**TASK GOAL:** Go to the line below that has "The beauty of", print it and each line after it exactly, and stop after the line that has "施設内では、花がいっぱい売られていました! きれいですね! おいしそうなお饅頭もたくさんあります。"; leave out pictures.

**RECORD EXTRACTS:**
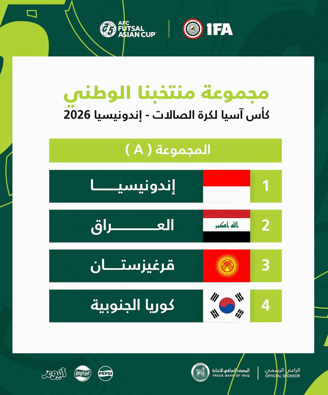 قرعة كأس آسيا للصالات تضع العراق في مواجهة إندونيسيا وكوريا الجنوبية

--

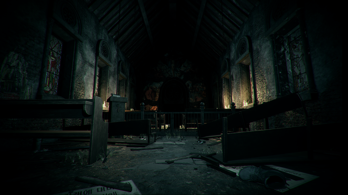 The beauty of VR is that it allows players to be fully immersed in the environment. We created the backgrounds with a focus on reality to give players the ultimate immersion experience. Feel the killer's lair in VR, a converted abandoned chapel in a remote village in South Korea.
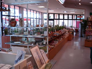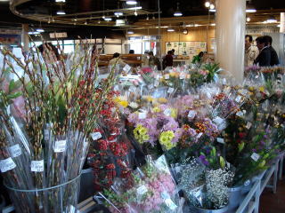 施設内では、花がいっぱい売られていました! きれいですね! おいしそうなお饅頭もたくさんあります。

**SOLUTION TO THIS TASK:**
 The beauty of VR is that it allows players to be fully immersed in the environment. We created the backgrounds with a focus on reality to give players the ultimate immersion experience. Feel the killer's lair in VR, a converted abandoned chapel in a remote village in South Korea.
 施設内では、花がいっぱい売られていました! きれいですね! おいしそうなお饅頭もたくさんあります。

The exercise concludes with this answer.